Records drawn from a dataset
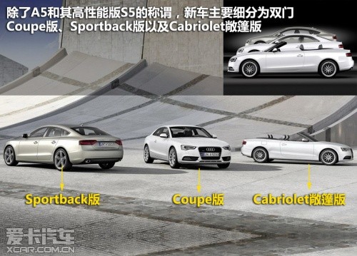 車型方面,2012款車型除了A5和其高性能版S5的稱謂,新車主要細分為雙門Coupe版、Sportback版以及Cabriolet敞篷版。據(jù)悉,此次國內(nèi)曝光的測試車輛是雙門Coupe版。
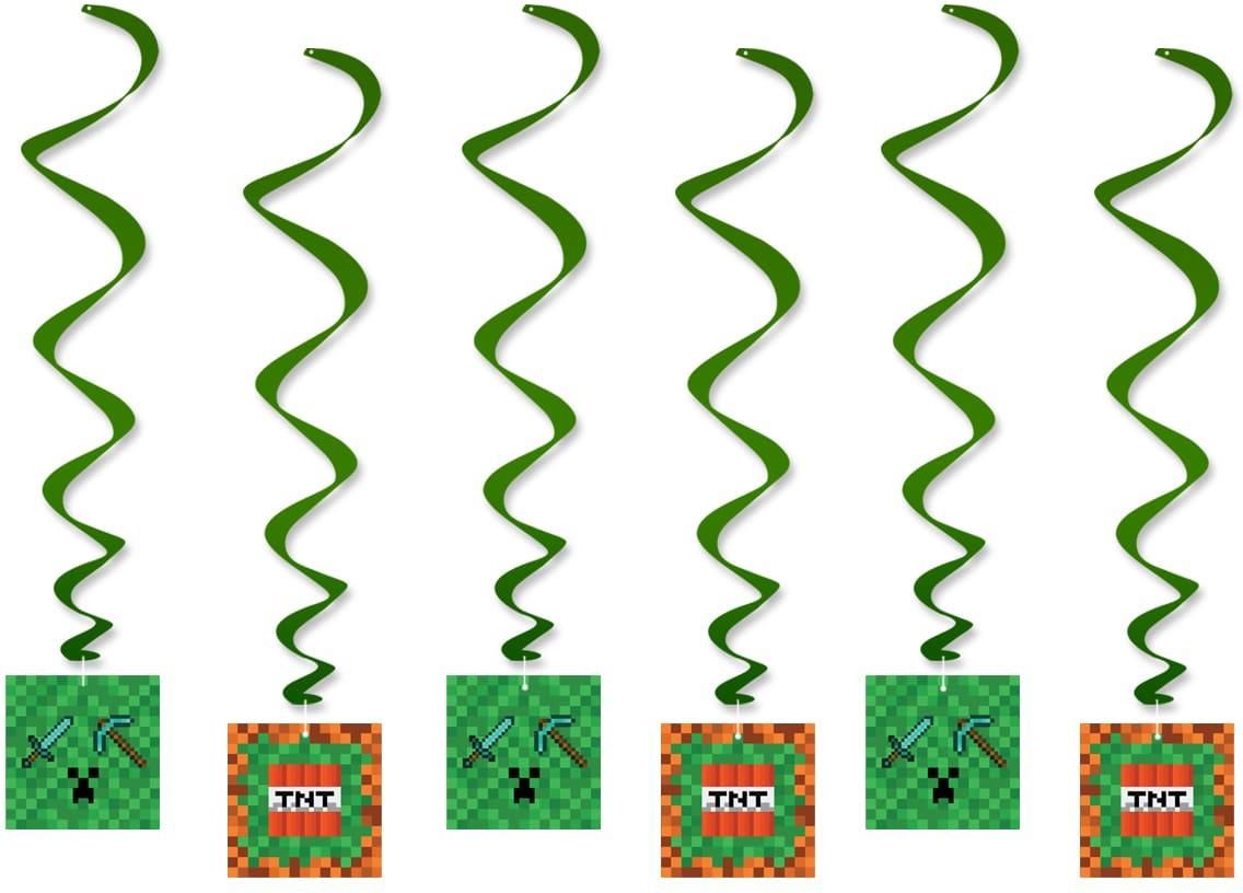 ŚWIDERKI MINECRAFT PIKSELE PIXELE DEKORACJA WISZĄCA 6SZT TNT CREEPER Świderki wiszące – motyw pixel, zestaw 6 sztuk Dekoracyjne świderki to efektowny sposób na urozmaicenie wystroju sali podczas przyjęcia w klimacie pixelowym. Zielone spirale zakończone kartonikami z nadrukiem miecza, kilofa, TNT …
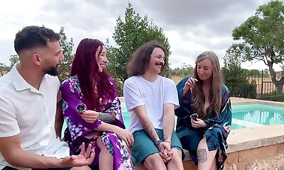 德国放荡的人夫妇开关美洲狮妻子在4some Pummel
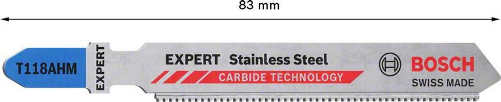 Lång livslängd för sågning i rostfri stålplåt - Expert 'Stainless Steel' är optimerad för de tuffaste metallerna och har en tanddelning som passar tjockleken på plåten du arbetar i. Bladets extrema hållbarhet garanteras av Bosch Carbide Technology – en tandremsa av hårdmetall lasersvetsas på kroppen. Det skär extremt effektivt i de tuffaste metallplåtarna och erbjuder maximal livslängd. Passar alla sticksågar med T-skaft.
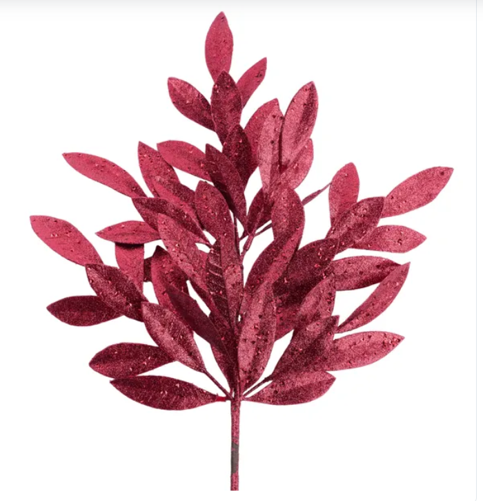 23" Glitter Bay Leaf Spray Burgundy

# [THE TASK]
Go to the line with "德国放荡的人夫妇开关美洲狮妻子在4some Pummel" in the entries above. Reproduce that line and each one after it to the end, exactly and without the pictures.

# [ANSWER SECTION]
 德国放荡的人夫妇开关美洲狮妻子在4some Pummel
 Lång livslängd för sågning i rostfri stålplåt - Expert 'Stainless Steel' är optimerad för de tuffaste metallerna och har en tanddelning som passar tjockleken på plåten du arbetar i. Bladets extrema hållbarhet garanteras av Bosch Carbide Technology – en tandremsa av hårdmetall lasersvetsas på kroppen. Det skär extremt effektivt i de tuffaste metallplåtarna och erbjuder maximal livslängd. Passar alla sticksågar med T-skaft.
 23" Glitter Bay Leaf Spray Burgundy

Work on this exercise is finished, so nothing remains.